··· The data

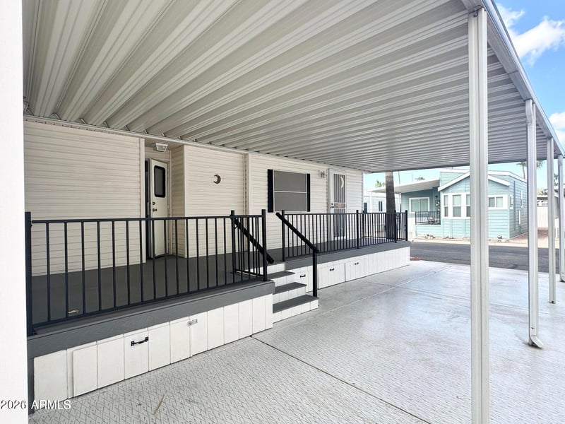 Listing details for 155 Limestone Dr #155, Apache Junction, AZ 85119 : TAKE A LOOK at this 1996 CHARIOT! 1 bed/1bath GREAT OPEN CONCEPT FLOOR PLAN w/U-SHAPED kitchen. WOOD look laminate flooring easy for cleaning. NICE SIZE bathroom w/ NEWER WALK IN SHOWER, good cabinet space for storage needs throughout. QUEEN SIZE bed ,mirrored closet doors & plenty of dresser drawer space. NEWER A/C UNIT in approx. 2020 & NEW HOT WATER HEATER about 2 years old. GREAT RESORT LOCATION, walking distance to CLUBHOUSE. FANTASTIC LARGE WEATHER TREX DECK w/ storage space below. PERFECT for relaxing & taking in the beautiful AZ weather. LARGE CARPOT allows plenty of room for parking. WAIT until you see the SIZABLE shed/hobby work area! GREAT for all your hobbies, office space and IDEAL for another area to relax! Perfect SET UP for guests to come visit! SEPARATE CLOSET SPACE offering washer/dryer for your convenience! This one's it all! NEW ROOF approx 4 years old. High vaulted ceilings, large windows & screen door to let the breeze in. If you love the outdoors this home is it! OWN THE LAND, OWN THE FUN in this highly sought after 55+RESORT. Pools, spa and tons of amenities to enjoy. Come live the life style you deserve!
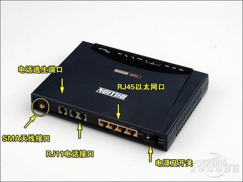BiPAC 6404VGP后面接口板除了和普通無線路由器一樣有1個(gè)WAN接口,4個(gè)LAN接口外,還多出了三個(gè)RJ11的電話接口,這個(gè)就是用來連接傳真機(jī)或電話機(jī)的。此外,考慮到BiPAC 6404VGP的無線功能在企業(yè)中應(yīng)用需要有較大的信號覆蓋范圍,所以它還提供了一個(gè)SMA天線接口可用來連接高增益天線。
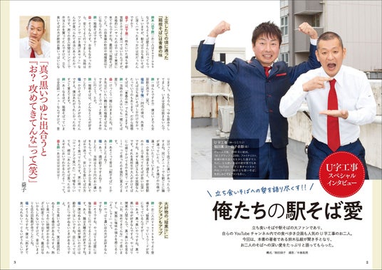 ・駅そばYouTubeが大人気のU字工事が巻頭インタビューで登場!
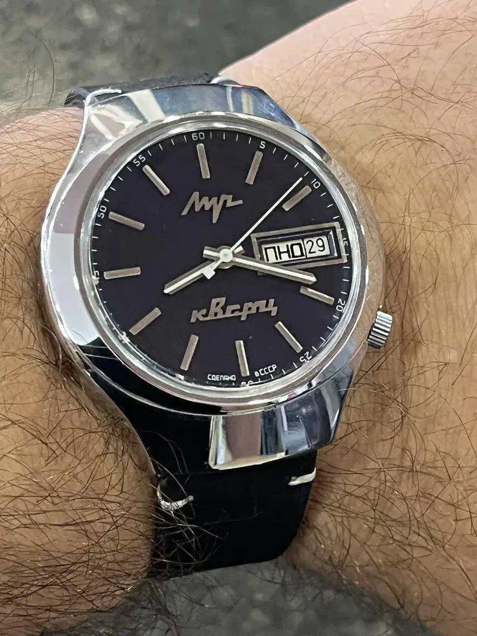 Yo diría que debe de ser de la época de mi azulito, porque índices y agujas son clavaditos; el brazalete también tiene un toque familiar de esos principios de los 70... A ver si tienes suerte, se bajan un poco de la burra y te lo traes para casita![]()
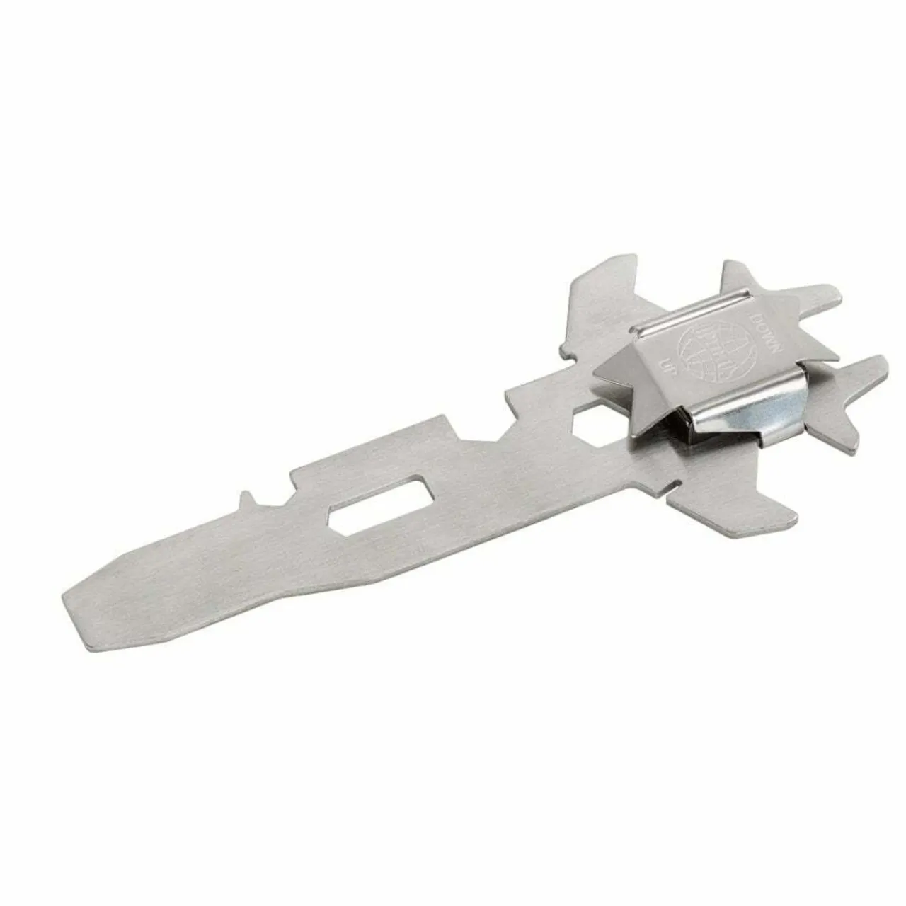 Multitool for Optimus Nova and Nova+. Service functions: 11 mm key forburner bottom nut, 10 mm key for fuel hose change, hook for pump valve, 7 mm key for pump leather cup, 8 mm slot for spindle nut, 6 mm key, screwdriver for jet adjustments, cleaning magnets, 12 mm key, slot for adjusting burner plate legs.
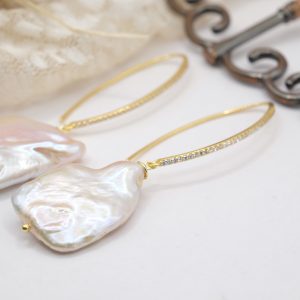 Square Baroque Pearl Earrings in 925 Silver with Gold Zircons
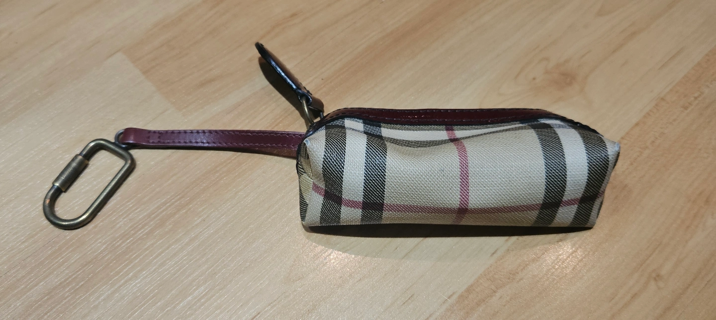 Adorable mini pouch. Features Burberry check pattern and a dark maroon leather trim. Includes a convenient carabiner clip. Perfect for keys or small essentials.
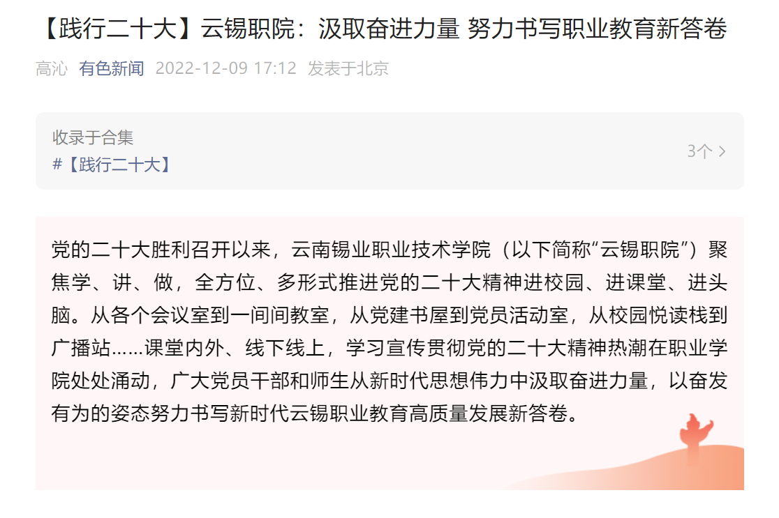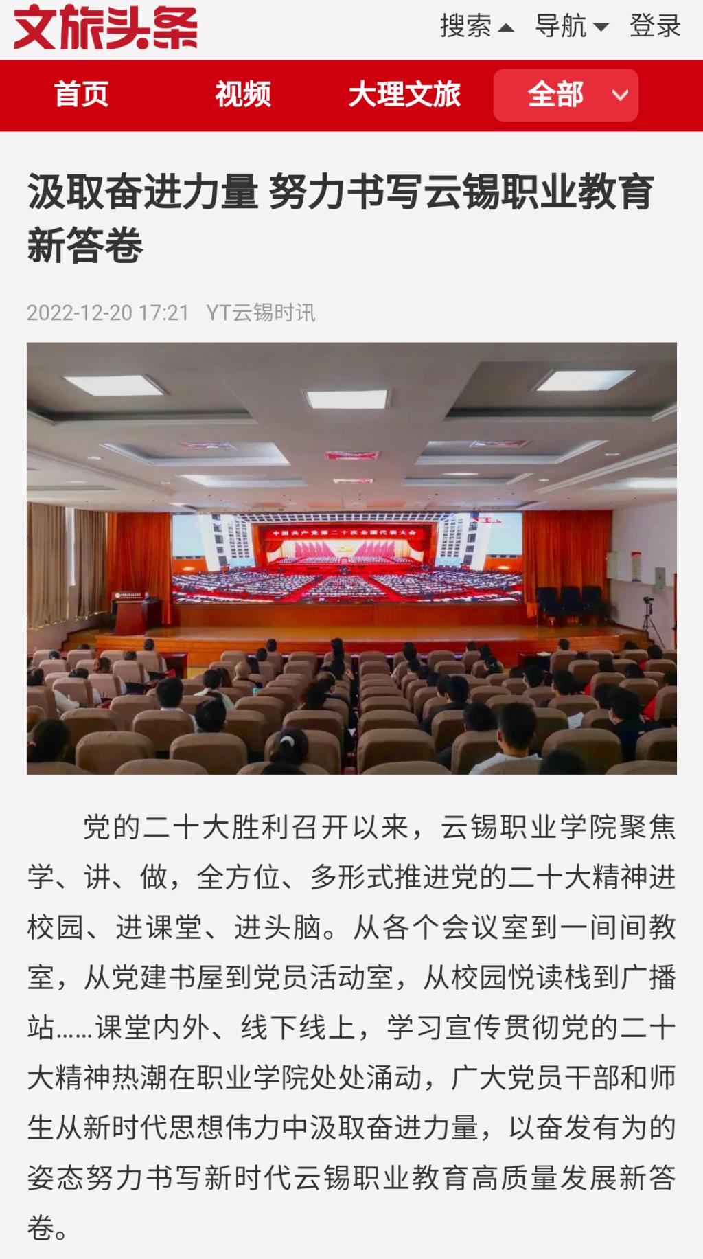 中國有色金屬報、有色新聞、文旅頭條:云錫職院汲取奮進力量 努力書寫職業教育新答卷

······

**Task to complete**.
Pictures are to be left out; all else in the entries above is to be quoted exactly.

**Answer for this exercise**.
 Listing details for 155 Limestone Dr #155, Apache Junction, AZ 85119 : TAKE A LOOK at this 1996 CHARIOT! 1 bed/1bath GREAT OPEN CONCEPT FLOOR PLAN w/U-SHAPED kitchen. WOOD look laminate flooring easy for cleaning. NICE SIZE bathroom w/ NEWER WALK IN SHOWER, good cabinet space for storage needs throughout. QUEEN SIZE bed ,mirrored closet doors & plenty of dresser drawer space. NEWER A/C UNIT in approx. 2020 & NEW HOT WATER HEATER about 2 years old. GREAT RESORT LOCATION, walking distance to CLUBHOUSE. FANTASTIC LARGE WEATHER TREX DECK w/ storage space below. PERFECT for relaxing & taking in the beautiful AZ weather. LARGE CARPOT allows plenty of room for parking. WAIT until you see the SIZABLE shed/hobby work area! GREAT for all your hobbies, office space and IDEAL for another area to relax! Perfect SET UP for guests to come visit! SEPARATE CLOSET SPACE offering washer/dryer for your convenience! This one's it all! NEW ROOF approx 4 years old. High vaulted ceilings, large windows & screen door to let the breeze in. If you love the outdoors this home is it! OWN THE LAND, OWN THE FUN in this highly sought after 55+RESORT. Pools, spa and tons of amenities to enjoy. Come live the life style you deserve!
BiPAC 6404VGP后面接口板除了和普通無線路由器一樣有1個(gè)WAN接口,4個(gè)LAN接口外,還多出了三個(gè)RJ11的電話接口,這個(gè)就是用來連接傳真機(jī)或電話機(jī)的。此外,考慮到BiPAC 6404VGP的無線功能在企業(yè)中應(yīng)用需要有較大的信號覆蓋范圍,所以它還提供了一個(gè)SMA天線接口可用來連接高增益天線。
 ・駅そばYouTubeが大人気のU字工事が巻頭インタビューで登場!
 Yo diría que debe de ser de la época de mi azulito, porque índices y agujas son clavaditos; el brazalete también tiene un toque familiar de esos principios de los 70... A ver si tienes suerte, se bajan un poco de la burra y te lo traes para casita![]()
 Multitool for Optimus Nova and Nova+. Service functions: 11 mm key forburner bottom nut, 10 mm key for fuel hose change, hook for pump valve, 7 mm key for pump leather cup, 8 mm slot for spindle nut, 6 mm key, screwdriver for jet adjustments, cleaning magnets, 12 mm key, slot for adjusting burner plate legs.
 Square Baroque Pearl Earrings in 925 Silver with Gold Zircons
 Adorable mini pouch. Features Burberry check pattern and a dark maroon leather trim. Includes a convenient carabiner clip. Perfect for keys or small essentials.
 中國有色金屬報、有色新聞、文旅頭條:云錫職院汲取奮進力量 努力書寫職業教育新答卷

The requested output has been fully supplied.